The appeals court agreed. Here’s the opinion. This is the golden nugget that will be quoted far and wide in mainstream media and in the blogosphere (emphasis in original):
“While Congress has criminalized the illegal entry into this country, it has not made the continued presence of an illegal alien in the United States a crime unless the illegal alien has previously been deported and has again entered this country illegally. 8 U.S.C. § 1326 (2000) makes it a felony for an alien who has been deported to thereafter reenter the United States or at anytime thereafter be found in the United States.”
In other words, the judge suspended logic — that illegal aliens obviously are in the country illegally — because Congress wasn’t explicit, and threw out the sentence.

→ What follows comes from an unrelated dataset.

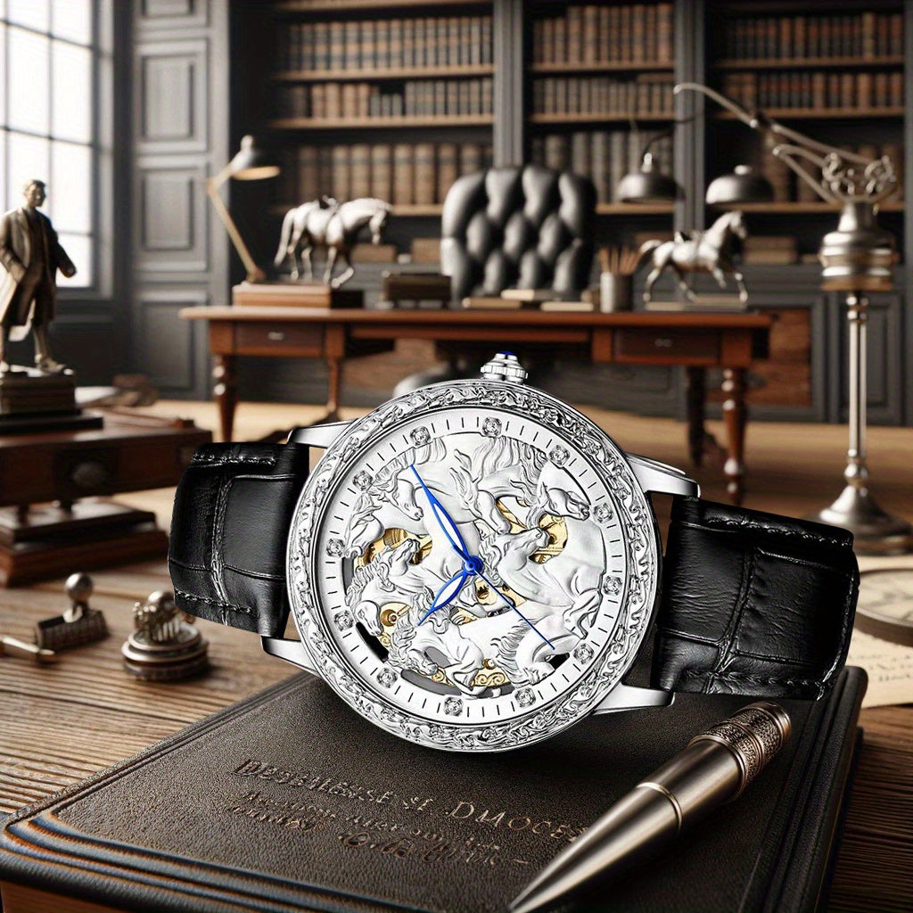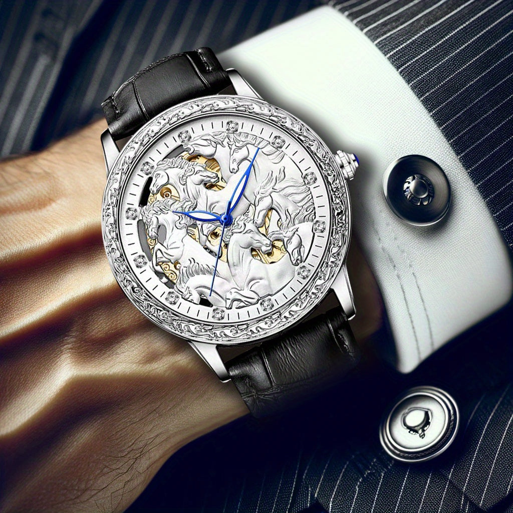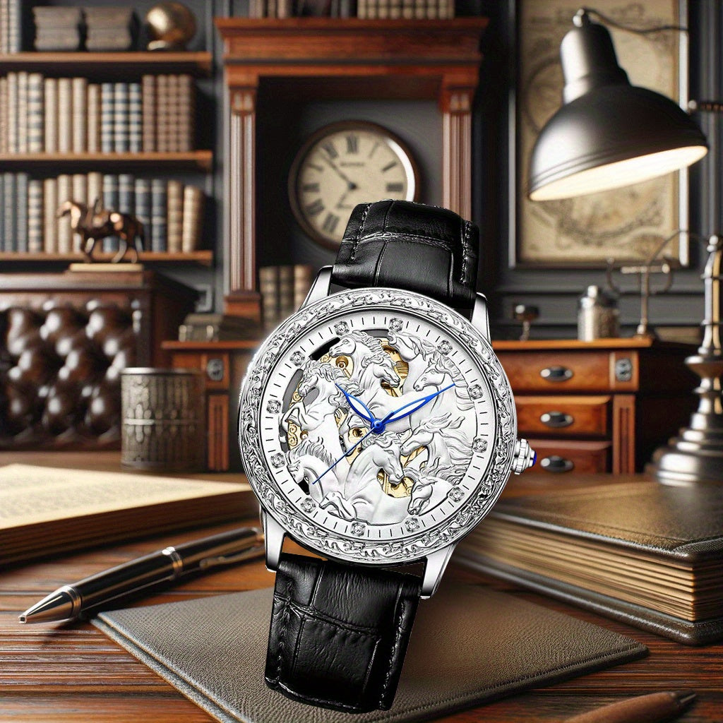 1pc Men's Silvery shell white face black belt Wanma Pentium design fashionable and versatile personality simple automatic mechanical watch, Stylish Wristwatch, Casual Attire Watch, Minimalist Design, Elegant Wristwatch, Automatic Movement, Highquality Tim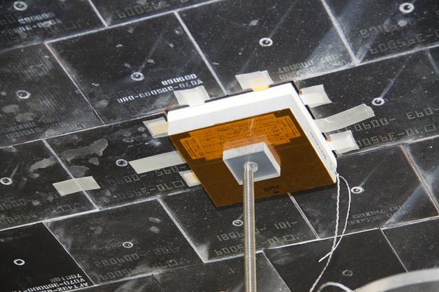 CAPE CANAVERAL, Fla. -- In Orbiter Processing Facility-1 at NASA's Kennedy Space Center in Florida, a thermal protection system technician has secured a newly installed heat shield tile in place under space shuttle Atlantis with a pressure fitting to ensure a tight bond. The tiles are part of the Orbiter Thermal Protection System, thermal shields to protect against temperatures as high as 3,000 degrees Fahrenheit, which are produced during descent for landing. Atlantis is being prepared for the STS-135 mission, which will deliver the Raffaello multi-purpose logistics module packed with supplies, logistics and spare parts to the International Space Station. STS-135 is targeted to launch June 28, and will be the last spaceflight for the Space Shuttle Program. Photo credit: NASA/Jack Pfaller

Martinez also argued that it’s not the state court’s function to enforce federal immigration law. True, but as the appeals court pointed out, the district court wasn’t enforcing immigration law by recognizing that the drug-dealing thug was an illegal alien. I hope George Bush reads this part:
“The fact that our national leaders, for political, policy, or budgetary reasons, have chosen to ignore violations of our immigration laws does not prevent our courts from considering whether a defendant is engaging in an ongoing violation of law in determining that defendant’s amenability to probation. The sentencing court should not be compelled to impose a plan of probation which, by its very nature, cannot be successfully completed.”
The case goes back to the lower court for resentencing. Who knows what will happen after that. The prosecutors had accepted Martinez’s plea, so I don’t see them appealing the case to the Kansas Supreme Court.
Will Congress fix this? I wouldn't count on it.